First find the line with "1年生の教室では,給食当番が意欲的に働き,あっという間に配膳できました!", then reproduce it and all following lines of the data to the end, exactly and with no pictures, adding nothing.
═══ TASK MATERIAL
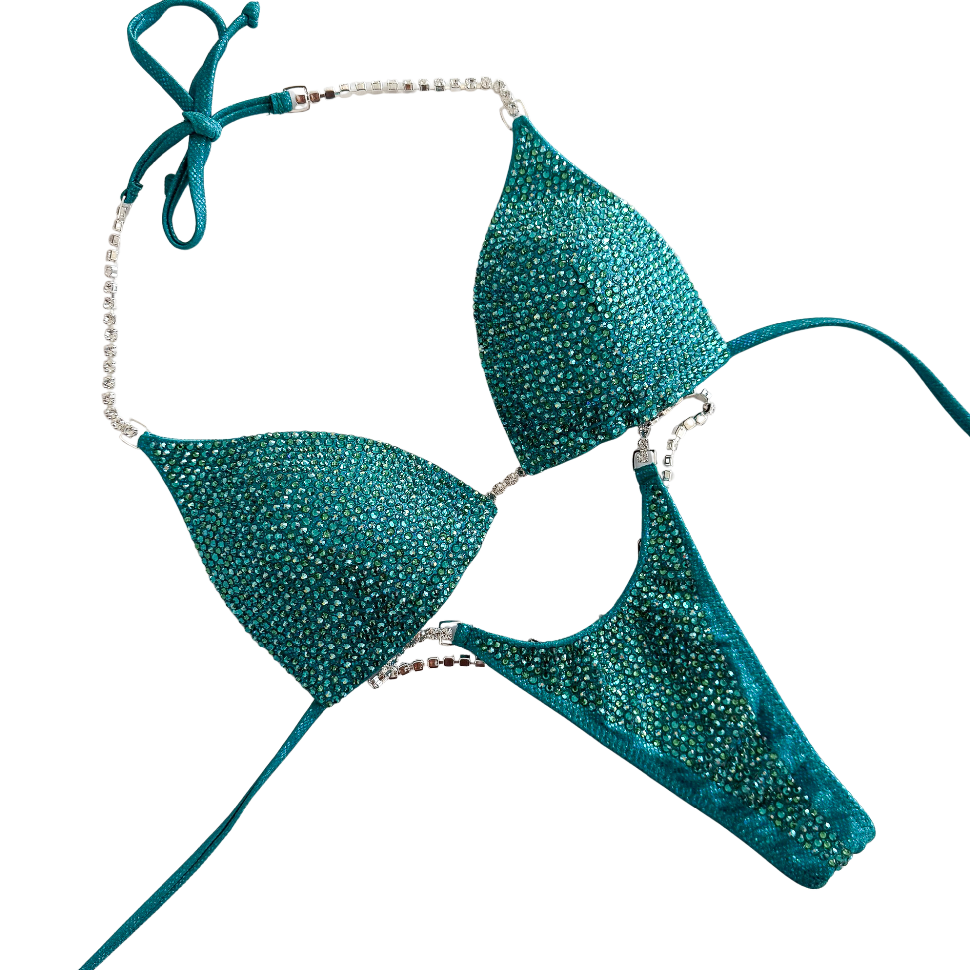 The Full Scatter design is a fully stoned design that has two different sized crystals (16ss and 20ss) randomly scattered on the suit for a dimensional effect. We recommend selecting between 1-5 different crystal colors for the best result.
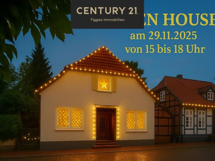 Erleben Sie den Zauber beim "Open House". Nutzen Sie die Gelegenheit und entdecken Sie dieses besondere Haus selbst! Das spezielle "Open House" findet am Freitag, den 29. November 2025 in der Zeit von 15:00 bis 18:00 Uhr, parallel zum Weihnachtsmarkt von Vilsen, statt. Innen erwarten Sie außerdem zahlreiche Aussteller aus Kunst, Handwerk und Genuss, die dem Haus schon jetzt festlichen Glanz verleihen. Ein Besuch lohnt sich in jedem Fall! Im bezaubernd dekorierten Garten verwöhnen wir Sie mit exquisiten Winterdrinks: Genießen Sie einen wärmenden Glüh-Gin oder einen prickelnden Hot-Aperol. Das Team von C21 Tigges Immobilien freut sich sehr darauf, Sie in diesem Weihnachtstraum willkommen zu heißen.
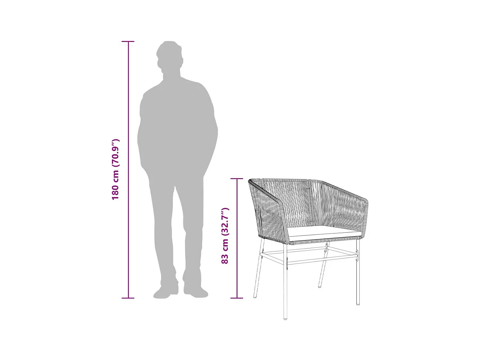 Chaises de jardin lot de 2 avec coussins gris résine tressée
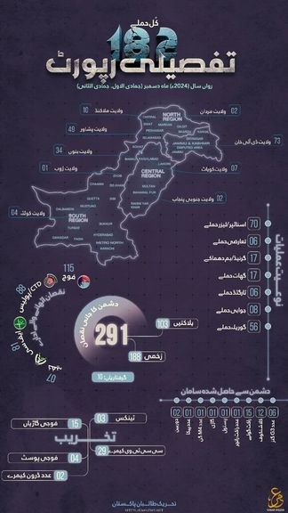 د پاکستاني طالبانو تحریک نن چارشنبه (د جنوري لومړۍ) په یوه اعلامیه کې ویلي چې پر پاکستاني امنیتي ځواکونو د خپلو بریدونو په ترڅ کې یې د تېر ۲۰۲۴ کال په جنوري کې ۷۵، فېبروري کې ۶۵، مارچ کې ۶۶، اپریل کې ۹۶، می کې ۹۹، جون کې ۹۶، جولای کې ۱۴۶، اګسټ کې ۲۴۳، سپتمبر کې ۲۶۲، اکټوبر کې ۲۲۰، نومبر کې ۲۰۸ او ډسمبر کې ۱۸۲ بریدونه کړي دي.
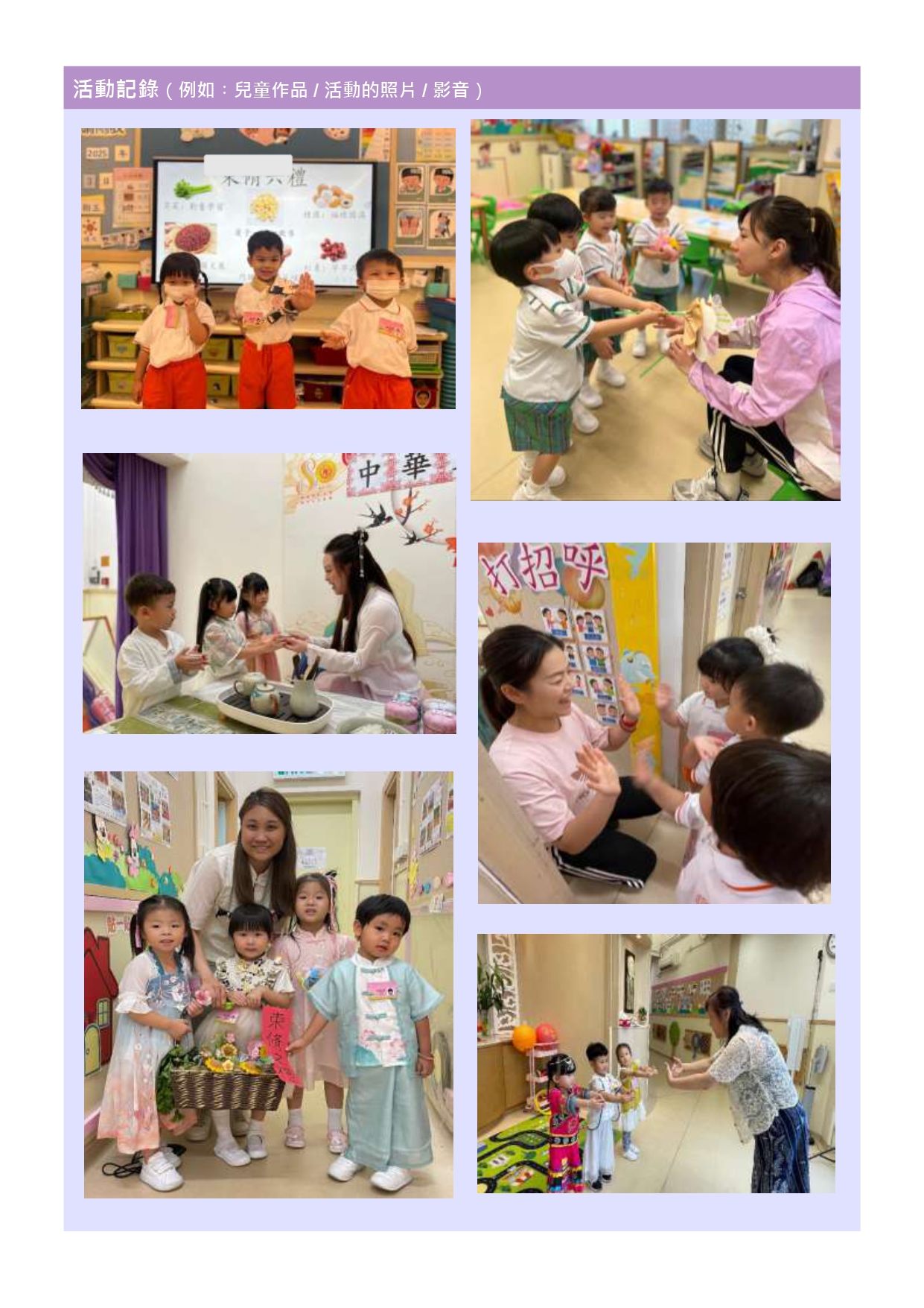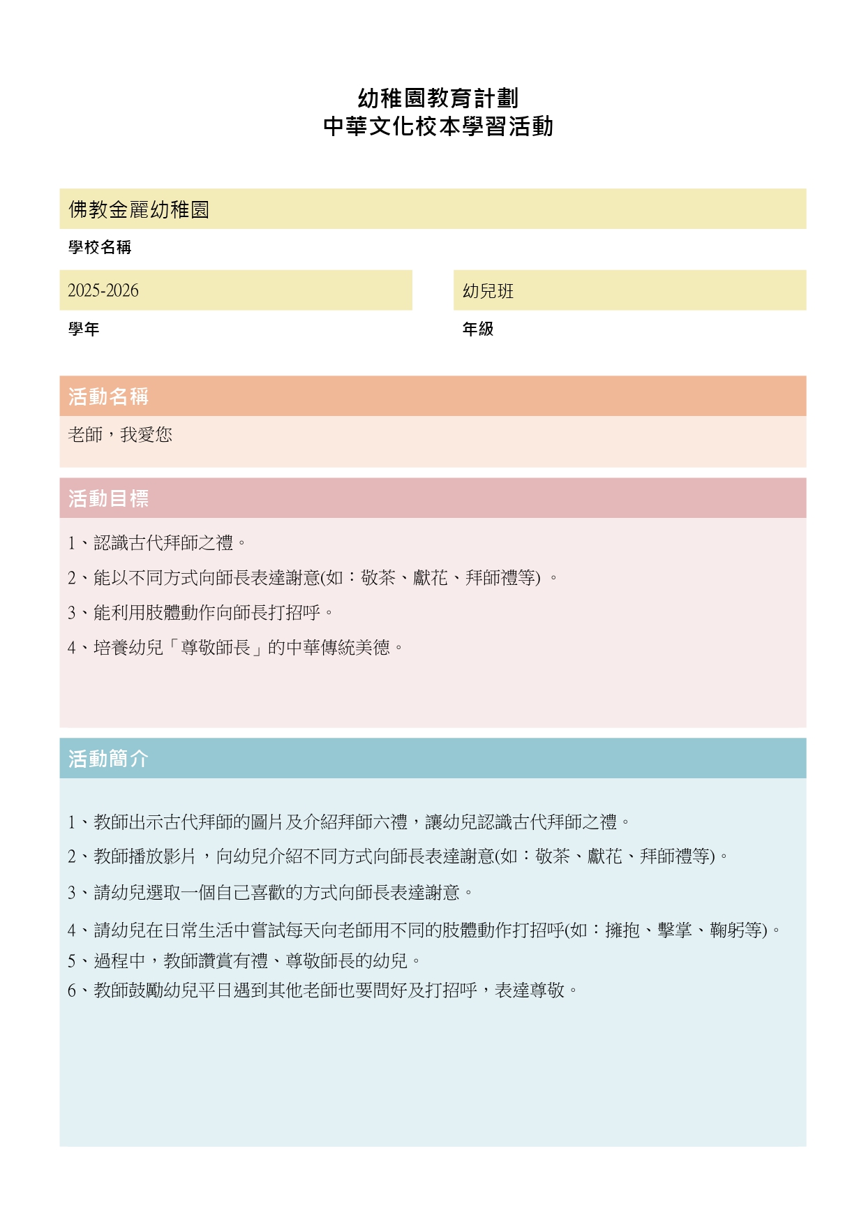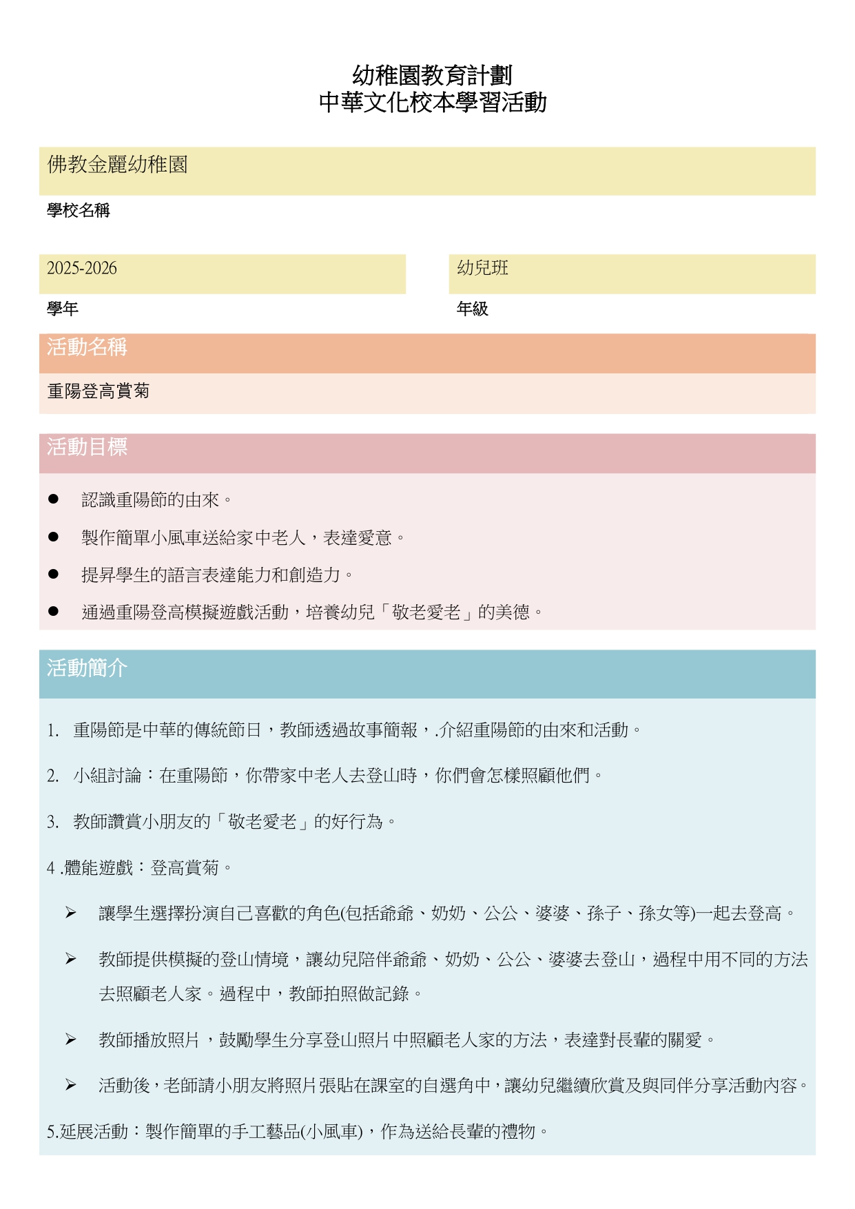 2025-2026年度 2025-2026年度 24-25高班中華文化活動「中秋節」(10月) 25-26低班中華文化活動「溫馨老幼親一親」(10月) 25-26年度幼兒班中華文化活動「重陽賞菊」(10月) 24-25高班中華文化活動「參觀中國藝術廊」(9月) 24-25低班中華文化活動「象形文字樂悠悠」(9月) 25-26幼兒班中華文化活動「老師,我愛您」(9月)
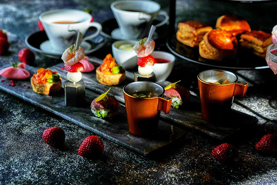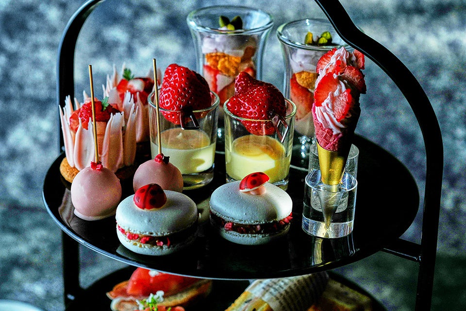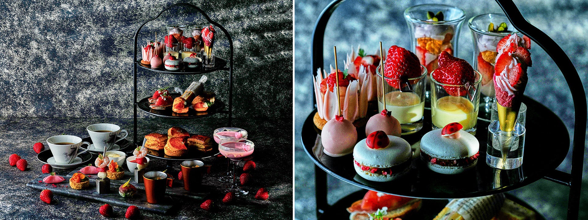 SHIBUYA STREAM HOTELとして最初のアフタヌーンティーは、ぽかぽか陽気で気分もファッションも明るくなる「春」をテーマとし、苺をふんだんに使ったメニューのラインナップでお届けします。柑橘の爽やかな風味が広がるオレンジクリームに苺チョコレートを纏わせたロリポップは、カジュアルに渋谷の街を歩くイメージで食べて欲しい一品に。滑らかな苺プリンやフレッシュな苺、クリームなどを層にした小さなパフェは、おしゃれな洋服を選ぶワクワク気分で。人気のスコーンには、シーズンフレーバーとして、レモンスコーンが登場。レモンコンフィチュールを練り込んでおり、ほどよい酸味と甘さが、春の訪れを感じさせます。セイボリーは、桜エビと色鮮やかなそら豆のキッシュや、大根をビーツで色付けし、まるで桜の花びらのような紅ズワイガニのサラダなど、お花見をしているような気分になる見た目も楽しめる品々をご用意しました。ウェルカムドリンクでは、苺の甘さの中にもあっさりとした味わいのピンクカラーが際立つノンアルコールカクテル「なでしこ」でお客さまをお迎えします。まるで、ファッショナブルで洗練されたジュエリーや洋服のようなスイーツを、春色のおしゃれを楽しむ気分でお召し上がりください。
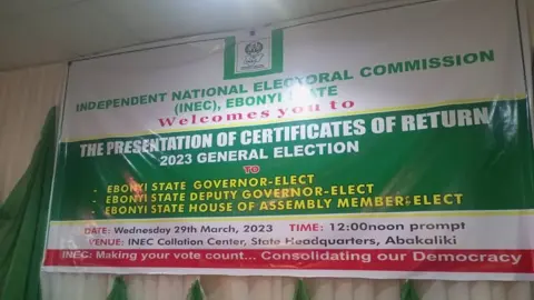 Onyekachi Paulin Ugochi bụ onye na-anọchite Inec n'Ebonyi steeti nyere ha asambodo a ma kọwaa na enyeghị mpaghara ise asambodo mmeri n'ihi ekpebibeghị ntuliaka emere ebe ahụ, ebe mpaghara abụọ ọzọ nwere nsogbu.
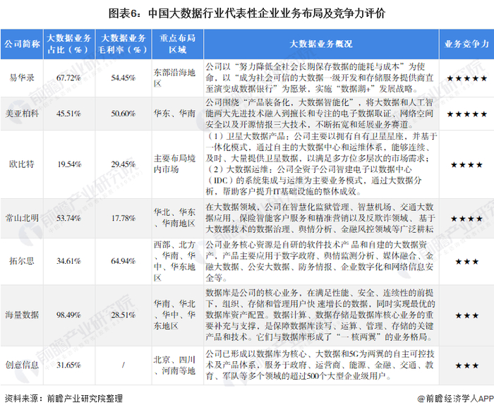 本文核心数据:大数据、竞争层次、产业结构、应用领域分布、区域集中度、业务竞争力、五力模型分析等
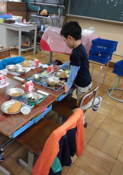 1年生の教室では,給食当番が意欲的に働き,あっという間に配膳できました!
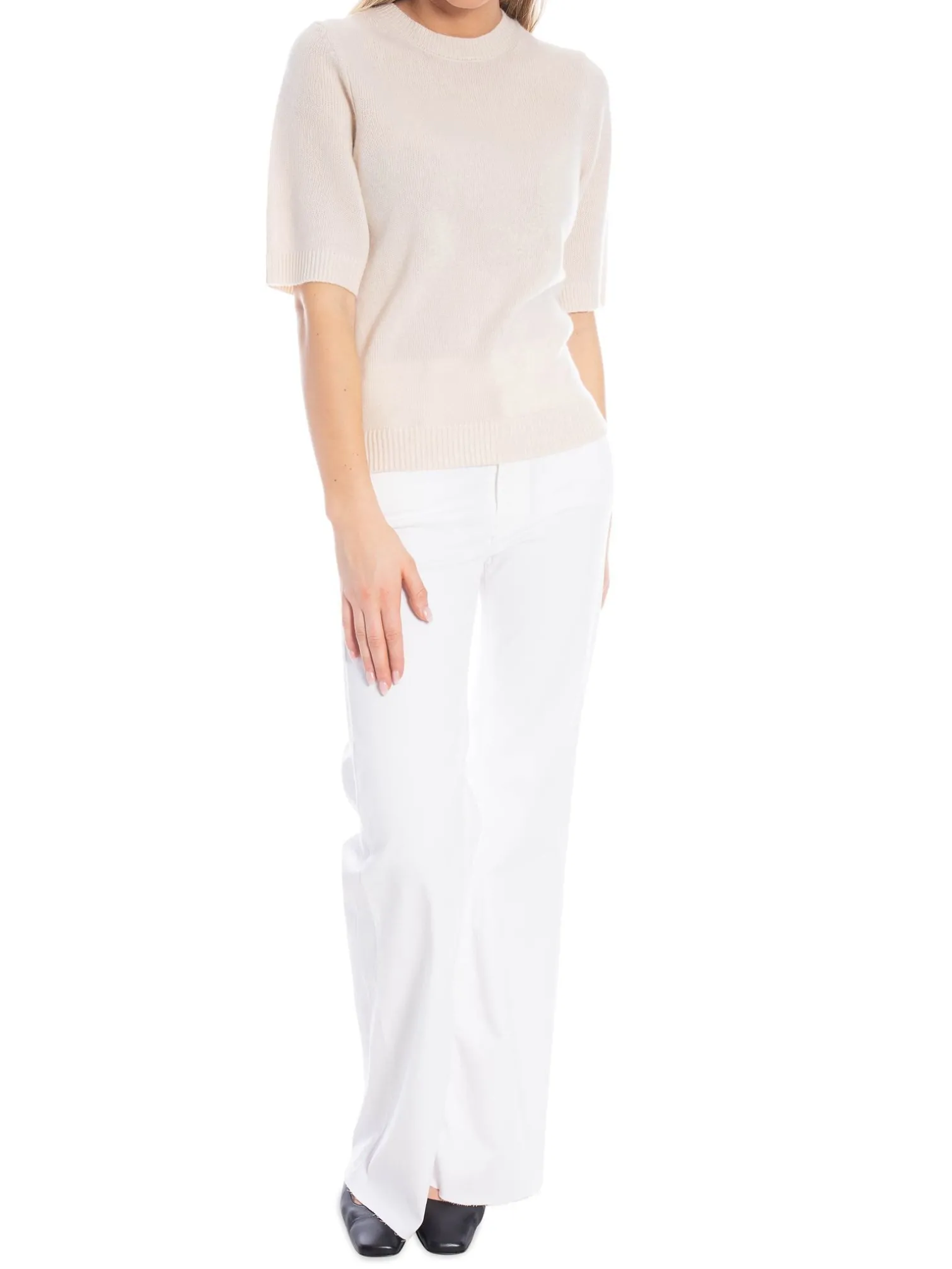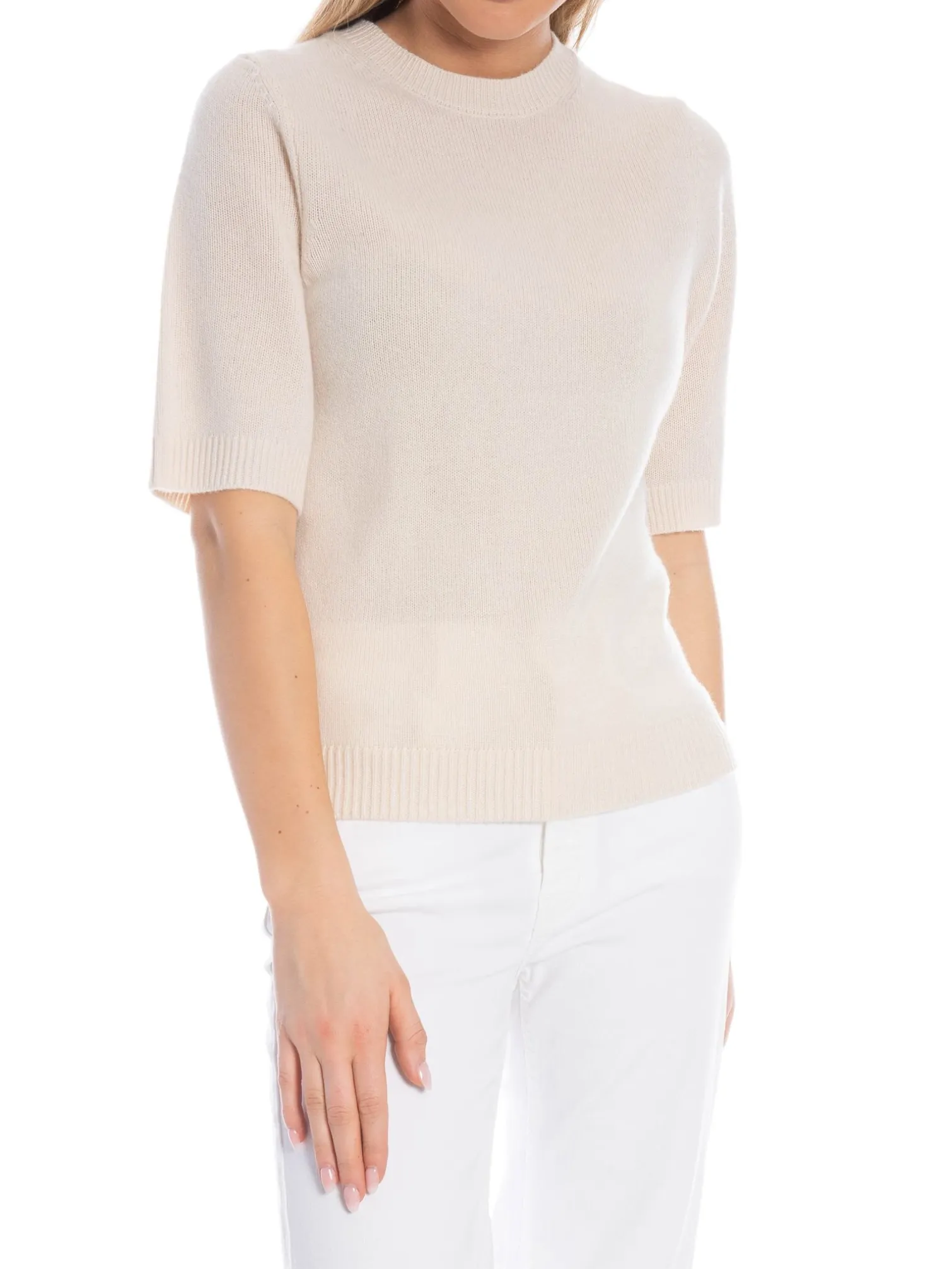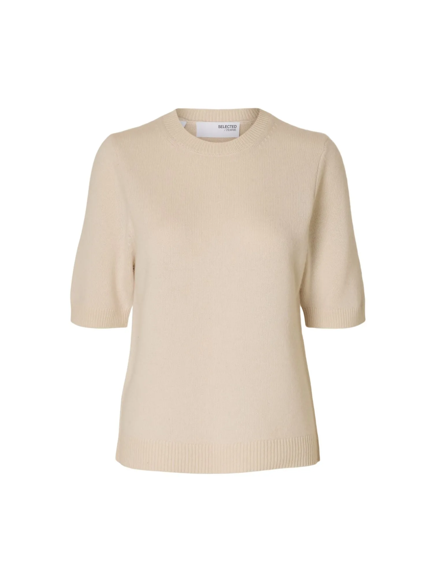 Top Cille from Selected Femme. A lovely and soft knit top in a cashmere and wool blend with shorter sleeves. Slightly relaxed fit and ribbed hems. Wear with a pair of jeans or a skirt.
══════
=== EXERCISE ANSWER ===
 1年生の教室では,給食当番が意欲的に働き,あっという間に配膳できました!
 Top Cille from Selected Femme. A lovely and soft knit top in a cashmere and wool blend with shorter sleeves. Slightly relaxed fit and ribbed hems. Wear with a pair of jeans or a skirt.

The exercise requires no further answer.